The Company believes that its working
capital is, and will continue to be, sufficient to support its operating requirements for at least the next twelve months. The
Company does not expect to incur any material capital expenditures for the remainder of 2020. The Company intends to utilize its
available cash and assets primarily for its continued organic growth and potential future strategic transactions, as well as to
mitigate the potential impact of COVID-19 on the Company's business.
The
Company generated cash from operations of $1,287,295 and $1,531,654 for the three months ended March 31, 2020 and March 31, 2019,
respectively. The decrease was due to the increase in inventories and decrease in deferred income taxes.
Cash used in investing activities for
the three-month period ended March 31, 2020 was $1,545,416, compared with $1,582,533 for the three-month period ended March 31,
2019. The decrease was primarily due to a decrease in the amount of marketable securities purchased in the first quarter of 2020
compared with the first quarter of 2019.
There was no cash used in financing activities for the
first quarters of 2020 and 2019.
The Company expects to continue to use its cash to make
dividend payments, purchase marketable securities, and take advantage of other market opportunities that may arise that are in
the best interests of the Company and its shareholders.

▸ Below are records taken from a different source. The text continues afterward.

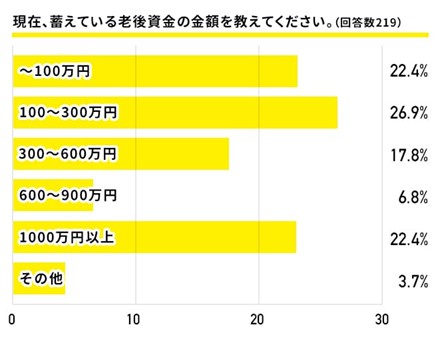 蓄えている老後資金の金額については「100-300万円」がトップ、そして「100万円以下」と「1,000万円以上」が同率で次点となりました。それと比べて中間の「300-600万円」「600-900万円」は数字が大きくは伸びず、老後資金の金額は二極化傾向にあることがわかりました。
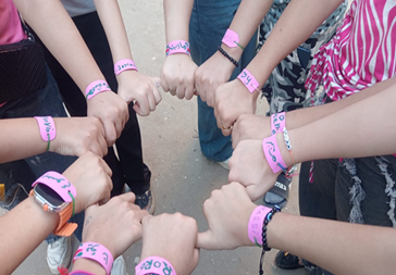 Les 8 moniteurs-trices sont de très jeunes gens qui travaillent bénévolement et qui s’organisent alors pour répartir les enfants en 6 groupes d’environ 10 enfants chacun et les placent ensuite sur les bords de la rue.
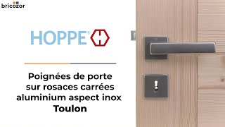 Cet ensemble de poignées de porte sur rosaces carrées TOULON de HOPPE est certifié pour les bâtiments publics, tertiaires et résidentiels à fréquentation élevée. Il est particulièrement robuste.
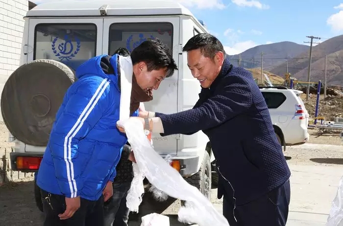 ●公司黨委副書(shū)記、副總經(jīng)理陳彬?yàn)榧卫杩h夏瑪鄉(xiāng)一村村民獻(xiàn)上哈達(dá)
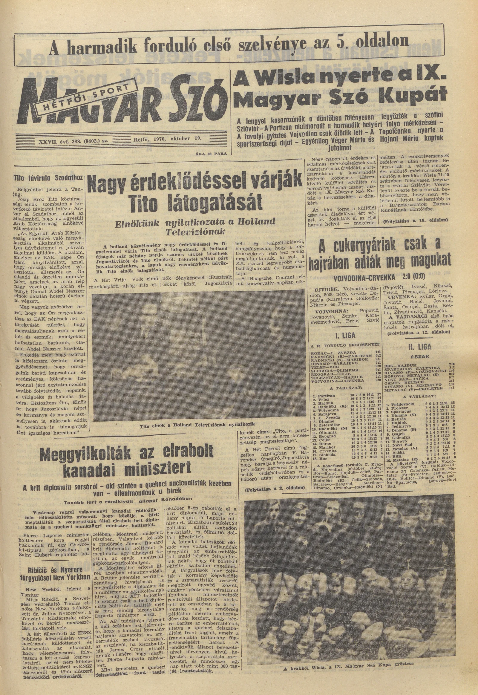 Magyar Szó, 27. évf. 1970. október 19. 288. sz. 1–16. oldal

In connection with the coronavirus pandemic it is possible
that certain customers of the Company may have their invoices outstanding longer than they have in the past, either due to slower
payments from their customers, or as a result of having to shut down their business from time to time. However, the vast majority
of the Company’s customers are large companies, and the Company does not expect to have to increase its bad debt reserve,
and anticipates that its invoices will be paid with minimal delays.
OFF BALANCE-SHEET ARRANGEMENTS
The Company has no off balance-sheet
transactions that have, or are reasonably likely to have, a current or future effect on the Company’s financial condition,
changes in financial condition, revenues or expenses, results of operations, liquidity, capital expenditures or capital resources.
CONTRACTUAL OBLIGATIONS AND COMMITMENTS
The information to be reported under
this item is not required of smaller reporting companies.